We are specifically asking for a Jetty Server.dump(). You can access this from JMX as an operation on the server.

bhawani1978 commented 3 years ago

We are able to get the server dump when this issue is happening. jetty_dump.txt

Clients requests are getting time out. Seems old connections are not getting cleaned up, please let us your view.

sbordet commented 3 years ago

@bhawani1978 the dump you report shows that the selector threads are gone, and update tasks are accumulating into the selectors, but there is no thread to run them (nor to perform the select operation).

You appear to be running some custom code (WorkaroundManagedSelector), so unless we know exactly what is your code doing, we cannot know what's going on.

Unfortunately Windows's NIO implementation in OpenJDK is not as stable as Linux's so there is not much we can do. One option for you is to try and use Java 13 or later, can you try that? In Java 13 the whole socket implementation has been rewritten, so there may be a chance that you don't need any workaround for NIO on Windows (not a guarantee, but worth a try).

What is it that you are working around in WorkaroundManagedSelector? Are you sure you are doing the right thing? I ask because the selector threads are gone and I suspect that it is your workaround that makes them go, and that is not good.

bhawani1978 commented 3 years ago

Hi @sbordet, we used https://github.com/jetty-project/selector-hack as suggested in https://github.com/eclipse/jetty.project/issues/2205.

sbordet commented 3 years ago

@bhawani1978 have you actually hit the Windows selector spin problem so that you need the workaround?

The code you are using is highly experimental as written in the projects README, so there might be a chance that it does not work in your case.

I don't see how WorkaroundManagedSelector could kill the selector thread, so there must be something else going on that causes another issue that makes the selector thread go away.

You should have logging in your logs that the selector has been rebuilt, and if the selector thread is gone you should have some stack trace of that too in the logs.

bhawani1978 commented 3 years ago

On one of the environment, we see that issue starts intermittently and finally over a day or so, it completly stalls it. I was able to get current jetty logs in debug, thread dump and server dump, when its working but on and off.

jetty_logs.log jetty_server_dump.txt jetty_thread_dump.txt

sbordet commented 3 years ago

@bhawani1978 I can see the selecting threads, but the selectors are in a borked state.

Can you please call QueuedThreadPool.setDetailedDump(true) either in the code or via JMX, and dump the server again with this new setting and the system in borked state?

Also, can you please compare and tell us if your WorkaroundManagedSelector is exactly equal to what we have in the experimental project? I ask because the minimum code change in this component may render the server invalid.

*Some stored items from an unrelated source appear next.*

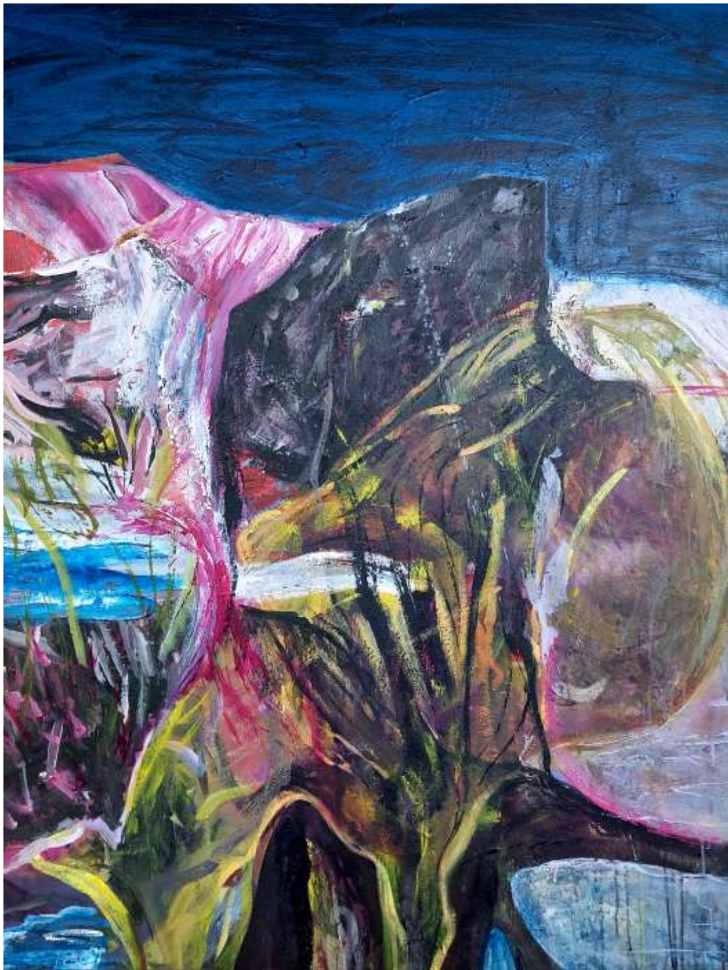
Giardino (tracce) II 2023 Tecnica mista su tela 120 x 90 cm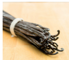
Vanille Bourbon de Madagascar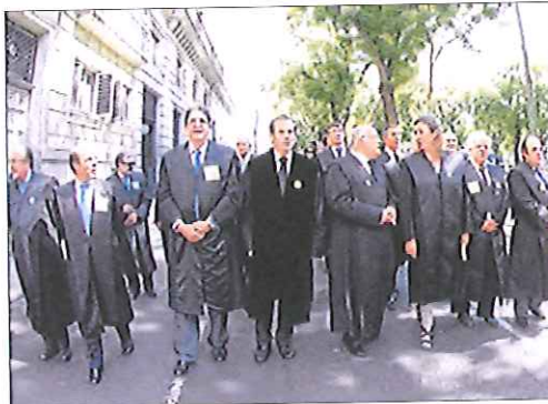
Abogados, ayer marchando por Madrid.

■ Cerca de un millar de abogados, encabezados por los decanos y las juntas de gobierno de los 83 Colegios de Abogados de toda España, se manifestaron ayer vestidos con toga en Madrid para expresar su rechazo al proyecto de ley de justicia gratuita, que consideran que solo causará perjuicios a los ciudadanos. Al término de la protesta, el presidente del Consejo General de la Abogacía Española,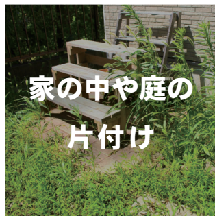
家の中や庭の 片付け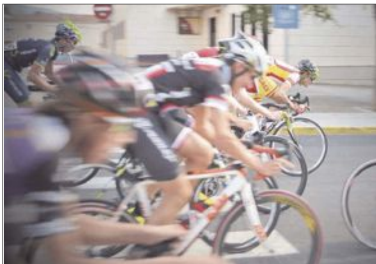
Los ciclistas dieron varias vueltas a un circuito urbano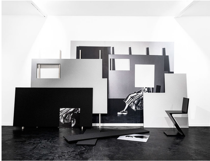
En haut : Quentin Lefranc, Arrangement en noir et gris, continuation Tom Greyhound, Paris, 2016. Toiles tendues sur châssis, peinture acrylique, tasseur de bois et contre-plaqué et intervention photographique de Molly SJ Lowe.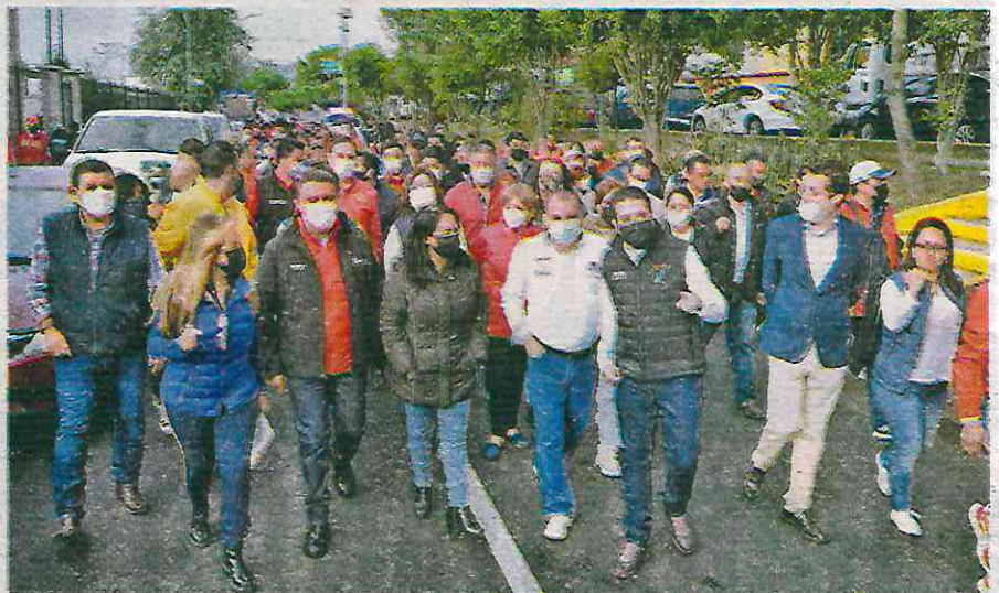
La alcaldesa Margarita Saldaña supervisa las obras entre Azcapotzalco y Tlalnepantla de Baz

“Cuando no se trabajan nuestras fronteras vamos haciendo que se conviertan en zonas olvidadas; me da mucho gusto que hoy tengamos la oportunidad de decir que con Tlalnepantla estamos trabajando y haciendo equipo; cada uno en el lado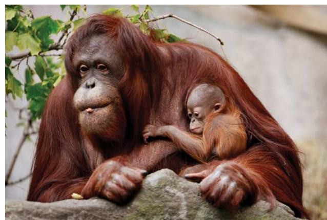
Орангутаны – ловкие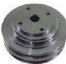
Polia Bomba D'água

Código Original: 87333763 Código Diversa: 1013042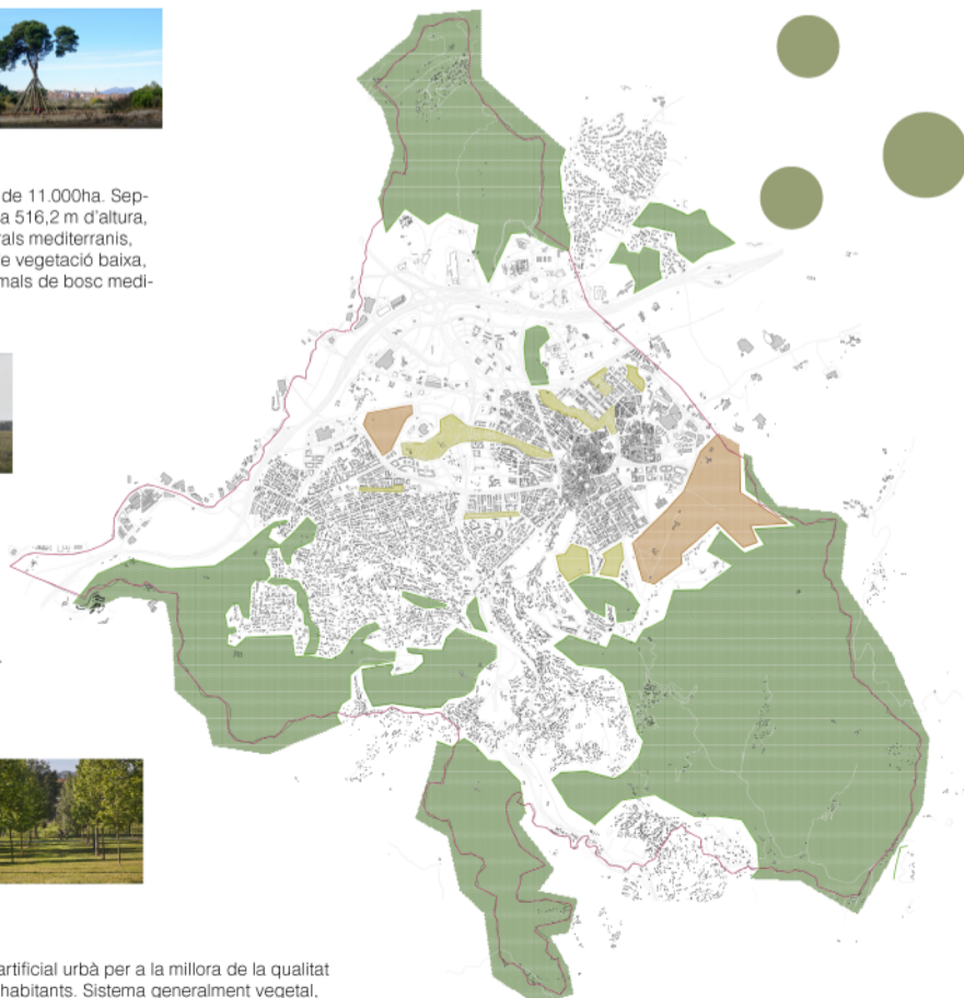
Xarxa de verds actuals e: 1/50.000

Sistema creat per l'home. Sistema que conviu amb l'entorn artificial urbà per a la millora de la qualitat de l'aire i per tant per a la millora de la qualitat de vida dels habitants. Sistema generalment vegetal, amb escassa vida animal lligada als organismes vegetals que l'home implementi. Aquest sistema produeix una sensació de benestar per als habitants però pot ser enganyosa segons el tipus de fertilitzants o plaguicides que es puguin utilitzar en zones properes a la població.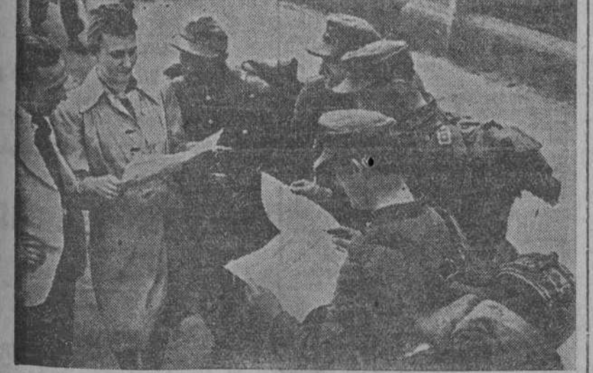
Caleños y soldados alemanes leyendo la edición del primer periódico editado en Hamburgo por el Gobierno militar aliado (Foto LOGOS).

TELEFONOS DE EL IDEAL GALLEGO ADMINISTRACION 1542 REDACCION 1177 y 1594

I hate to say, but I have to, can you move to Linux? I mean, even if we get this one worked around properly (which is not guaranteed), how long before you hit another Windows NIO issue?

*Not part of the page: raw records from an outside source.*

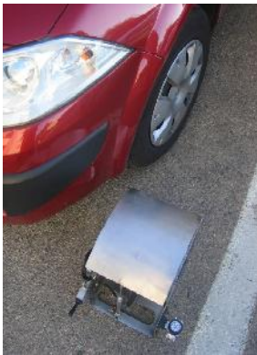
Bumper-On © זגם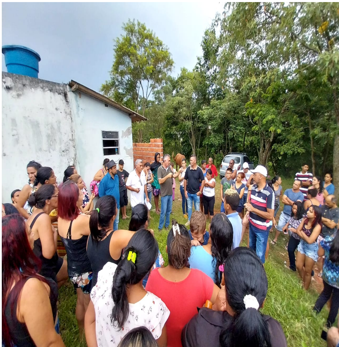
Foto reunião 26/02 Jardim Maria Rosa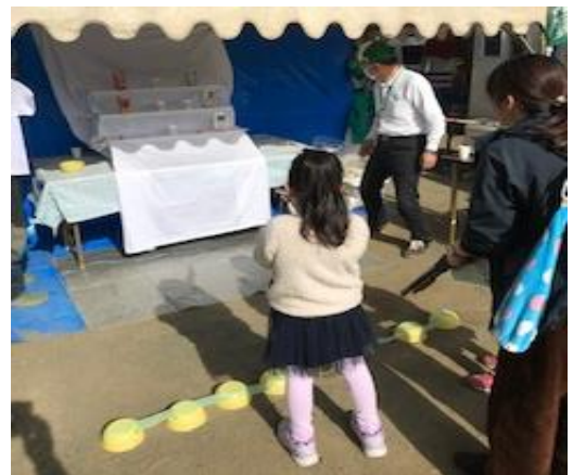
大きい的でも意外と難しい！

好天に恵まれ多くの来場者が訪れる中、上草柳地区からの応援をもらい、本部・竹馬・射的担当に分かれ、それぞれに子どもたちと楽しいひと時を過ごしました。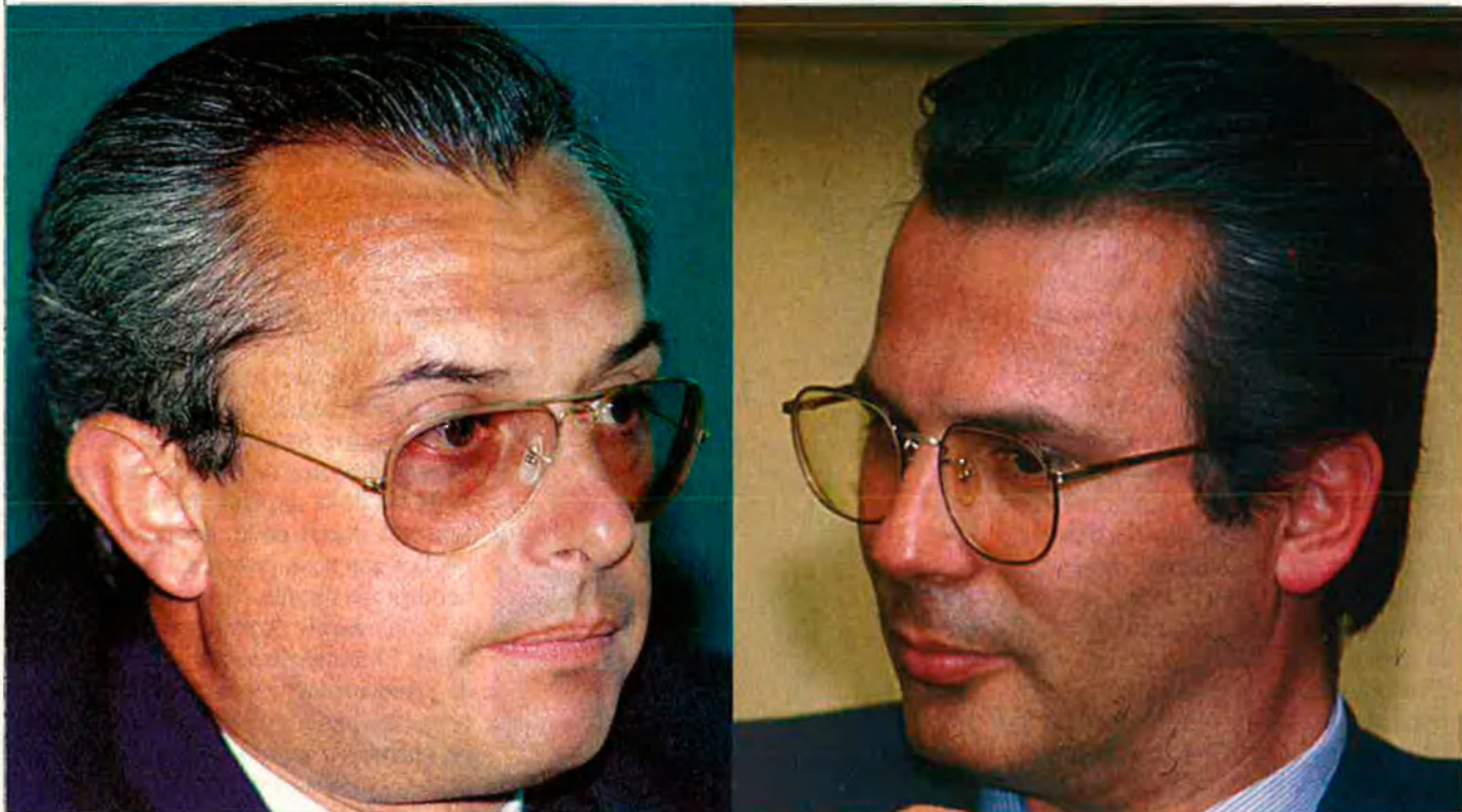
Carlos Bueren i Baltasar Garzón, els dos superjutges de l'Audiència Nacional.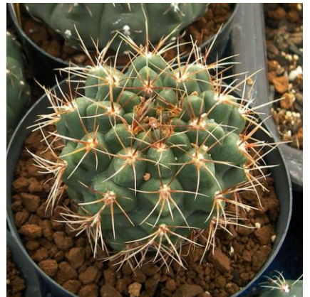
G. gaponii B 42 (Piltz seed 1019)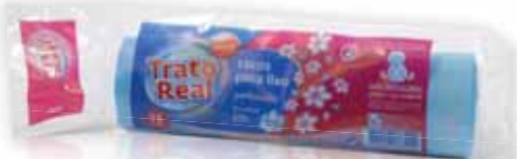
Sacos Lixo Perfumados c/ Fecho Azul Scented Trash Bags with Blue Buckle Sacs à Ordures Parfumées avec Bleu Boucle Bolsa Basura Perfumada Cierre Azul

55x55, 30 Lt, 15 un Un. p/Cx: 5x10 Cód.: 5600441668002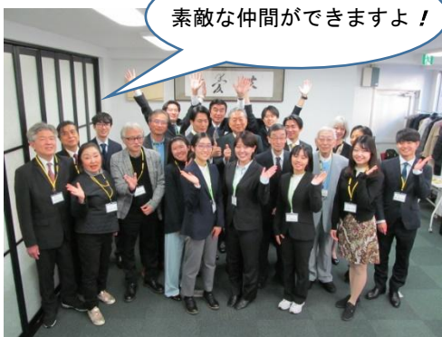
友愛勉強会・懇親会でのひとこま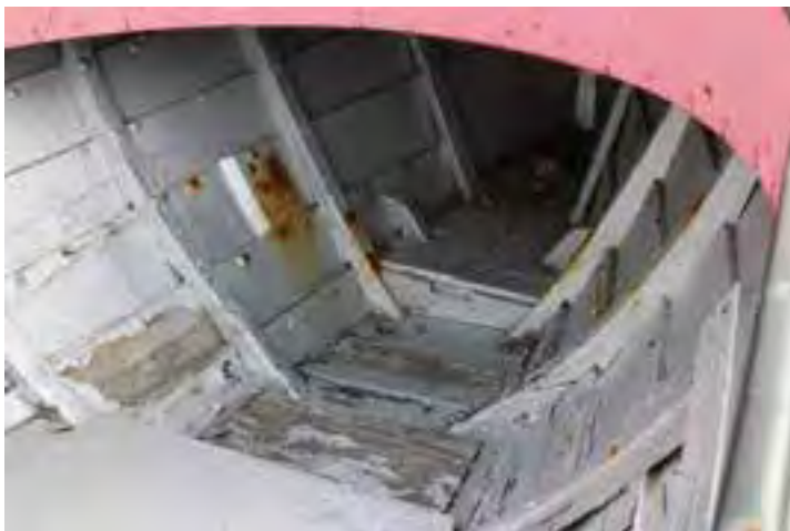
Steingrímur EA 644 utandyra við Safnahúsið, barkinn.

Báturinn er etv. sá eini sem á uppruna sinn við austanverðan Eyjafjörð á fyrri hluta 20. aldar. Á þeim slóðum höfðu margir viðurværi sitt af sjónum um aldir. Báturinn er í einna bestu ástandi af þeim eru geymdir utandyra við Safnahúsið en þarf að fara inn í hús eins og aðrir.

bhawani1978 commented 3 years ago

@sbordet thanks for the update.

Our WorkaroundManagedSelector and WorkaroundServerConnector is exactly same, line by line. I will try to enable QueuedThreadPool.setDetailedDump(true) get more details. Also we are thinking about moving to Linux but will take sometime.

Also I noticed that issue starts with intermittent timeout for some requests, where one fails one time passes next time. It takes hours before completely shutting this down for us.

github-actions[bot] commented 2 years ago

This issue has been automatically marked as stale because it has been a full year without activity. It will be closed if no further activity occurs. Thank you for your contributions.

github-actions[bot] commented 2 years ago

This issue has been closed due to it having no activity.